The records:
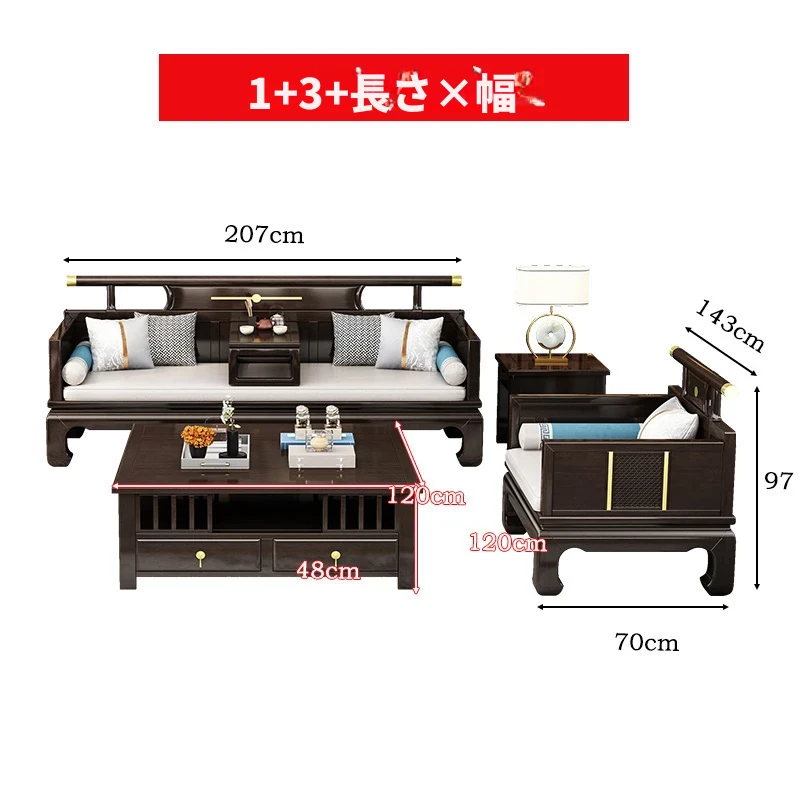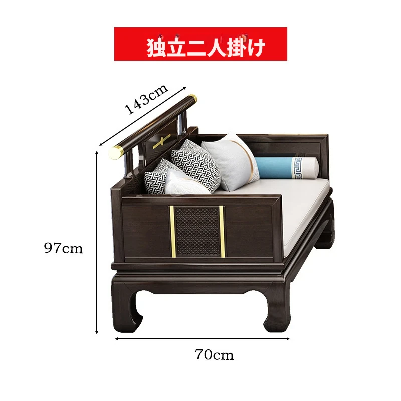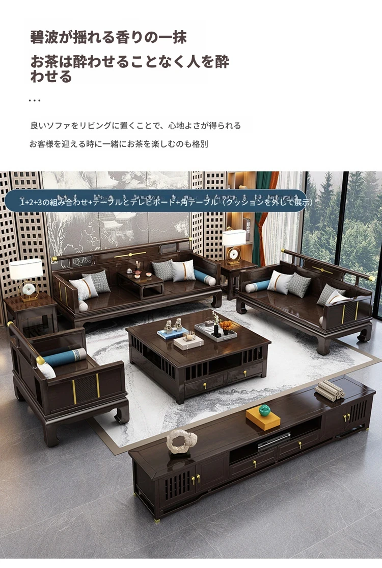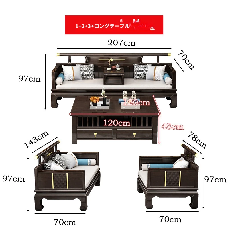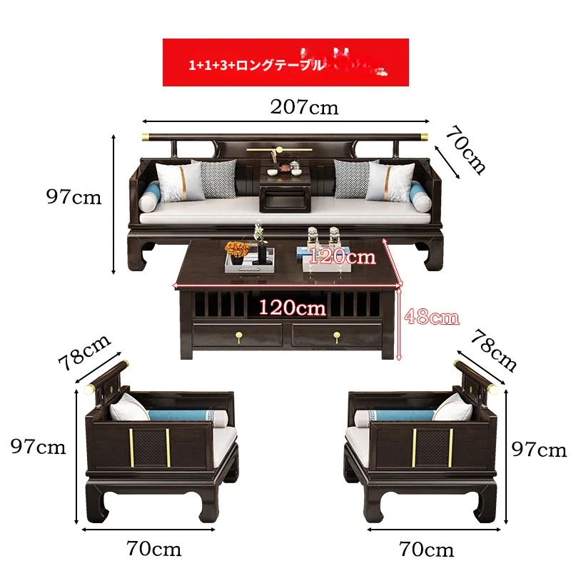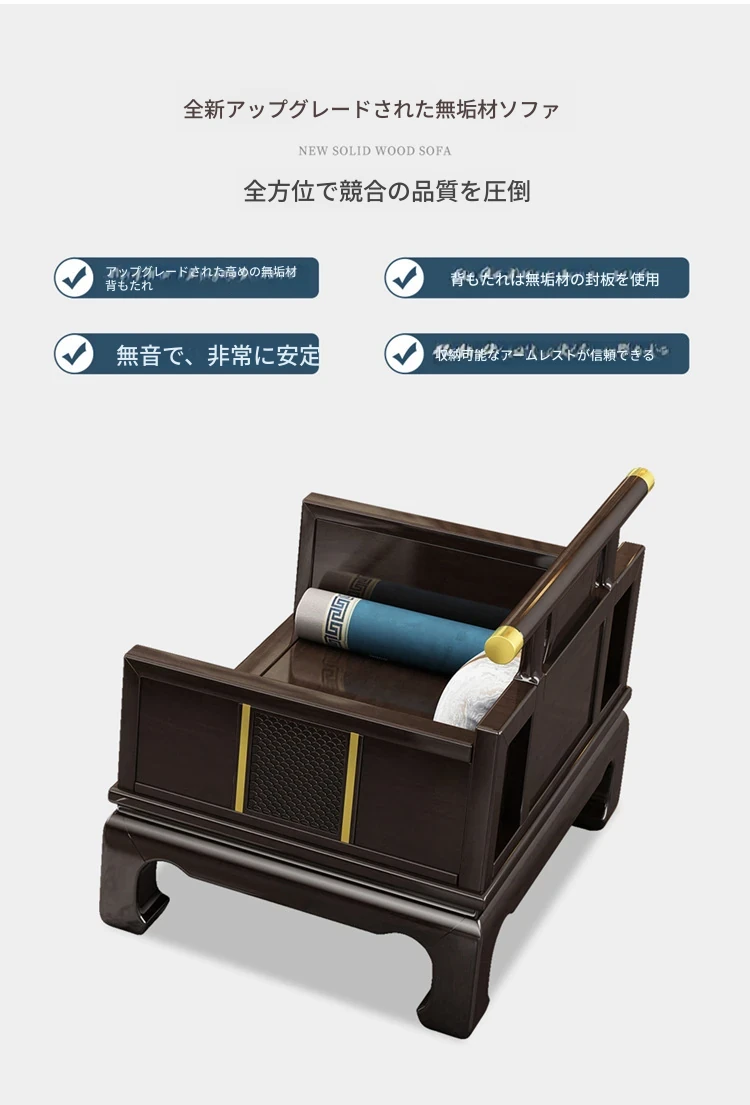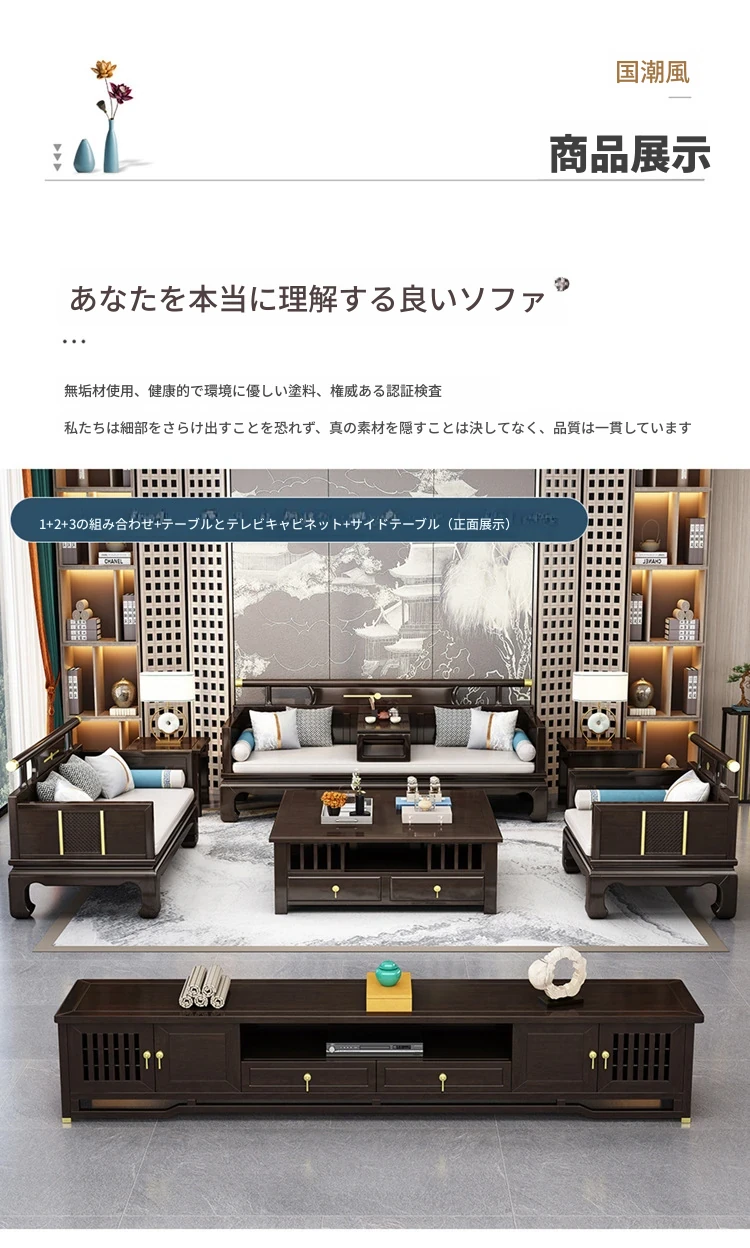 新中式の実木ソファセット - ローハンベッドとプッシュプル折りたたみ機能付き!小さなお部屋にもぴったりな多機能家具で、快適なリビング空間を演出します。
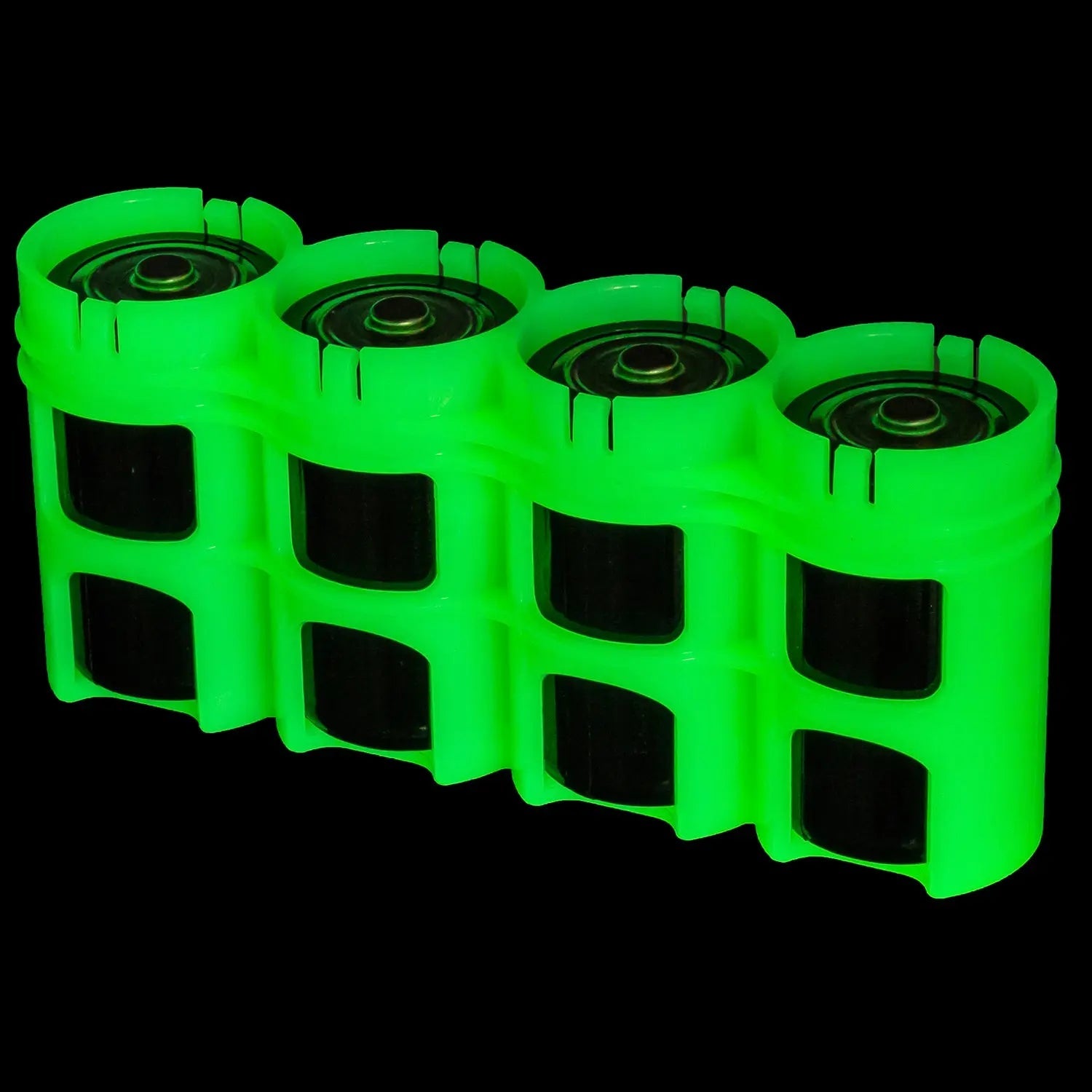 – Holds 4 D batteries. Batteries are not included.– Moonshine caddies glow in the dark for up to 8 hours if exposed to 30 minutes of light.
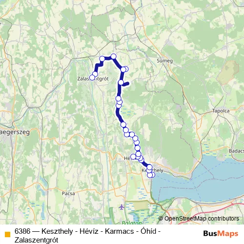 Click here to view the nearest 6386 - Keszthely - Hévíz - Karmacs - Óhíd - Zalaszentgrót bus stop.
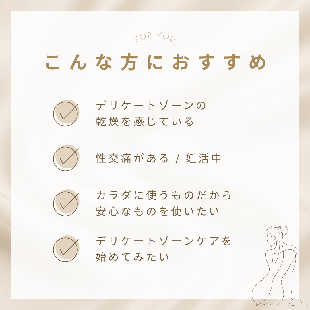 適量を手にとり、デリケートゾーンに塗布してください。洗い流す必要はありません。
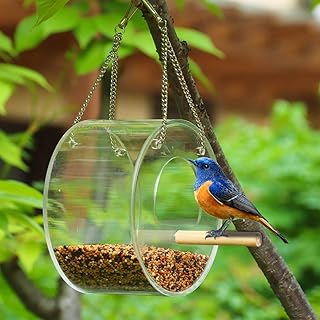 Maxjaa wild Bird Feeder acrylklarsichtfenster Bird Feeder Round halb geschlossen vogelfutterstation Hanging-typ Fenster voliere mit metallkette für Outdoor-Porch BALC
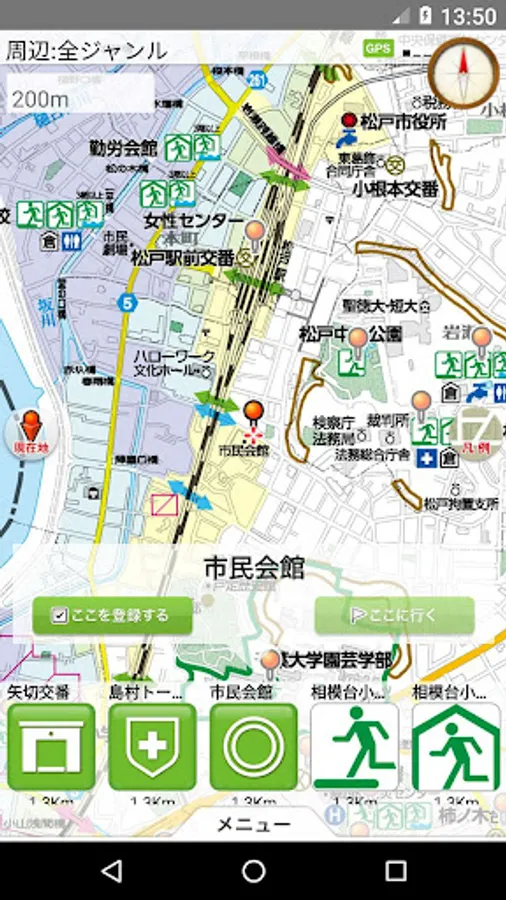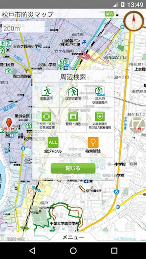 松戸市内の市指定避難場所など、市民の皆様が避難する場所や防災施設の所在地を表示した地図をAndroid端末で確認することができます。防災マップは端末に保存されますので、インターネット通信環境のない状況でも地図を閲覧できるほか、端末のGPS機能を利用し、現在地を防災マップ上に表示させることができます。周辺検索機能を使えば、現在地周辺の避難場所や収容避難所等の情報を検索することもできます。また、あらかじめ目的地を登録しておくことで、現在地と目的地を結ぶ直線(ガイドライン)や目的地の方向を表示できます。

What needs to be done:
Print each entry above verbatim, pictures left out.

Solved exercise:
 新中式の実木ソファセット - ローハンベッドとプッシュプル折りたたみ機能付き!小さなお部屋にもぴったりな多機能家具で、快適なリビング空間を演出します。
 – Holds 4 D batteries. Batteries are not included.– Moonshine caddies glow in the dark for up to 8 hours if exposed to 30 minutes of light.
 Click here to view the nearest 6386 - Keszthely - Hévíz - Karmacs - Óhíd - Zalaszentgrót bus stop.
 適量を手にとり、デリケートゾーンに塗布してください。洗い流す必要はありません。
 Maxjaa wild Bird Feeder acrylklarsichtfenster Bird Feeder Round halb geschlossen vogelfutterstation Hanging-typ Fenster voliere mit metallkette für Outdoor-Porch BALC
 松戸市内の市指定避難場所など、市民の皆様が避難する場所や防災施設の所在地を表示した地図をAndroid端末で確認することができます。防災マップは端末に保存されますので、インターネット通信環境のない状況でも地図を閲覧できるほか、端末のGPS機能を利用し、現在地を防災マップ上に表示させることができます。周辺検索機能を使えば、現在地周辺の避難場所や収容避難所等の情報を検索することもできます。また、あらかじめ目的地を登録しておくことで、現在地と目的地を結ぶ直線(ガイドライン)や目的地の方向を表示できます。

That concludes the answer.